The 2008 crisis was a banking and equities crisis. In the simplest terms, investment banks, leveraged to the hilt with garbage mortgage derivatives, became insolvent and began to collapse.

This collapse triggered a selling panic throughout the financial system as every financial entity questioned the quality of the assets backstopping its derivatives trades. The derivative market was over $700 trillion at the time. So just about every major global bank had broad exposure to this market. The

Federal Reserve and other Central Banks dealt with this issue by cutting interest rates to zero, opening emergency lending windows to needy banks, and engaging in Quantitative Easing.

The goal was of these strategies was to instill confidence in the banking system once again. However, by trying to prop up the big banks, the Fed has created an even bigger bubble than that which existed in 2007.

I’m talking about the BOND bubble.

With interest rates at zero, banks, financial institutions, and investors began to chase yields. This meant hundreds of billions of dollars worth of capital flowing into bonds of all different levels of risk.

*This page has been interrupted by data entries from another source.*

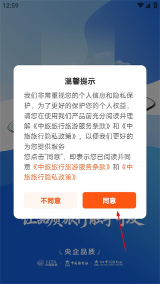 1、打开中旅旅行出现温馨提示弹窗,阅读相关条款后点击同意按钮进入软件。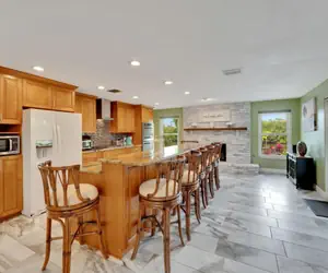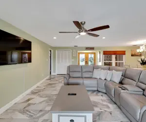 Escape to this beautifully updated home, offering breathtaking views of the pool and serene lake, ideal for families or groups looking for a peaceful retreat. The open-concept design boasts a sleek, modern kitchen with a spacious island that seats eight, providing a perfect spot for dining or gathering while enjoying the picturesque scenery. This home ensures both relaxation and ease of access, making it an excellent choice for your next getaway.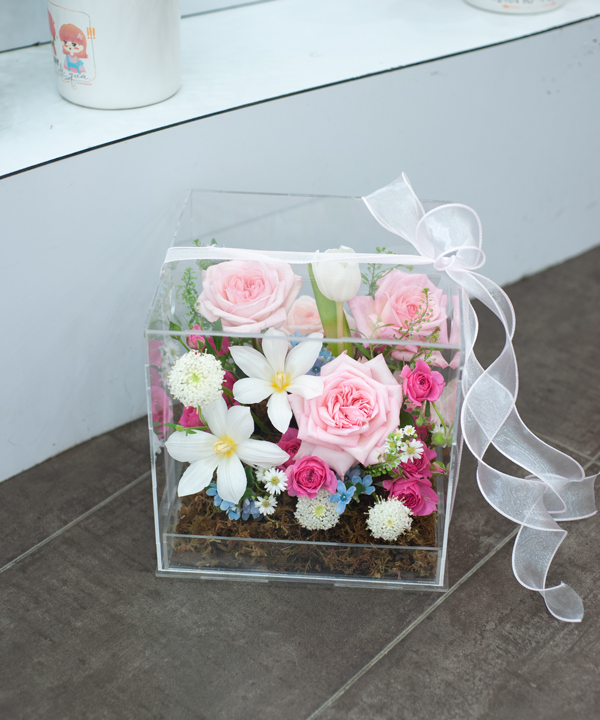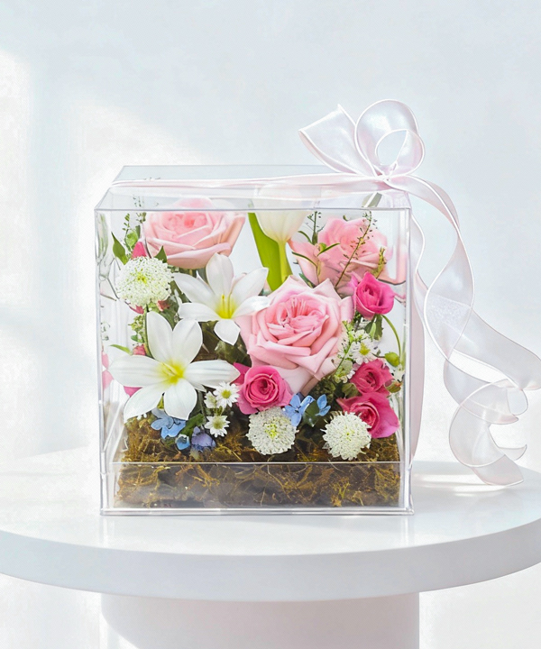 Hộp hoa mica trong suốt được thiết kế như một khu vườn dịu sáng, nơi vẻ đẹp kiêu kỳ của hoa hồng Pink O’Hara hòa quyện cùng tulip trắng thanh khiết, sao xanh mơ màng và thúy châu trắng tinh khôi. Sự kết hợp tinh tế này mang đến cảm giác nhẹ nhàng, lãng mạn và trong trẻo như ánh bình minh đầu ngày.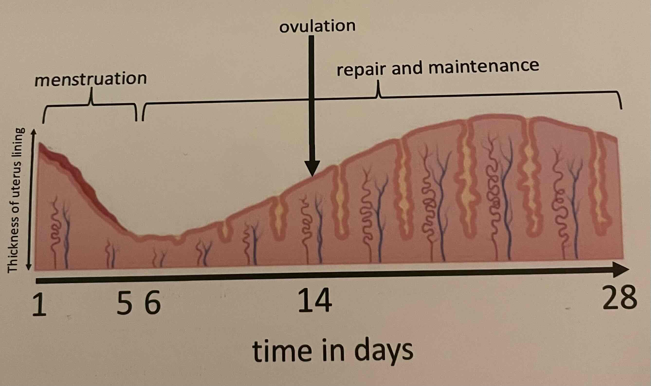 every month a females uterus lining becomes thicker with blood so it can support a fertilised egg

When money poured into bonds, the bonds rallied, pushing their yields lower. This in turn meant more capital flowing into even riskier bonds as investors, still seeking yield, had to turn to riskier investments to obtain a significant return.

The end result? The bond bubble is so massive that it’s even hard to wrap one’s head around. Consider that:

1)    Bond yields for many European countries are at multi-CENTURY lows.

2)    US Treasury yields have only been lower TWICE going back to 1790.

3)    Japan’s Government bonds now have negative yields.

We all know that most sovereign nations are bankrupt. But the “flight to yield” is so powerful in the system today that yields are negative in real terms. This is absolutely extraordinary.